Against the background of unsolved pressures mentioned above, vendors and scholars do great efforts on making improvement. The most direct way for efficiency is to add the number of department which performs the check-out service. Customers are separated at the some time so that fixed number of services runs synchronously. Some scholars envision supermarket service in which each item is tagged with an electronic label and all shopping carts feature supporting readers (Fujimura, Masayuki, & Jun, 2000). This thought turning check-out procedure to be one-stop service (Mary, 2006), basing on the concept of item-level tagging (ILT) (Zhang, Zhang, & Cai, 2007; George, 2006) infrastructure, tagging individual products instead of cases and pallets, which may improve inventory system, simplify business processes, reduce labor costs and make check-out service efficiency. On the other hand, some vendors think out to make shopping area and storehouse conjoint in order to save cost.

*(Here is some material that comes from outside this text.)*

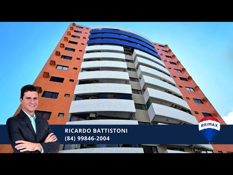Apartamento com 98 m² no Cond. Brisa de Ponta Negra em Capim Macio, lado sombra, andar intermediário, distribuído em sala 2 ambientes com varanda, cozinha com armários projetados, área de serviços, 3 dormitórios com 1 suíte e 2 semi-suítes, lavabo, dependência de empregada e 2 vagas de garagem cobertas.

Some of them even construct themselves a special website and allow customers to have a more convenient shopping environment. However, either method has only focused on one point in one stage rather than the whole supermarket service. This is the essential problem of current supermarket model namely short of integration.
Thus, in this paper, we takes a close scrutiny at the framework of supermarket service, puts up a quantitive metric for evaluation and basing on which, moreover, analyses the existing common supermarket working models basing on Game Theory and simulated experiments. On the point of improvement, we propose a new hybrid supermarket model which emphasizes more on increasing the ratio of self-service and automated service in supermarket. Besides, this paper takes the critical technique used to perform the model and gives the explanation on potential challenges.
The rest of the paper is organized as follows. Section 2 illustrates the framework of supermarket service. Section 3 constructs a metric to evaluate supermarket service and defines related parameters for the further experiment. Section 4 describes the running mode of 3 existing supermarket service models. Section 5 presents a new hybrid supermarket service model to show its advanced improvement. Section 6 applies game theory to prove the necessity of change of supermarket service mode and analysis the profit of three participators under different strategies with simulated experiments according to metrics in Section 3. Section 7 puts up a feasible solution for the model and explains to the current big challenge. Section 8 scratches the future work and concludes the paper.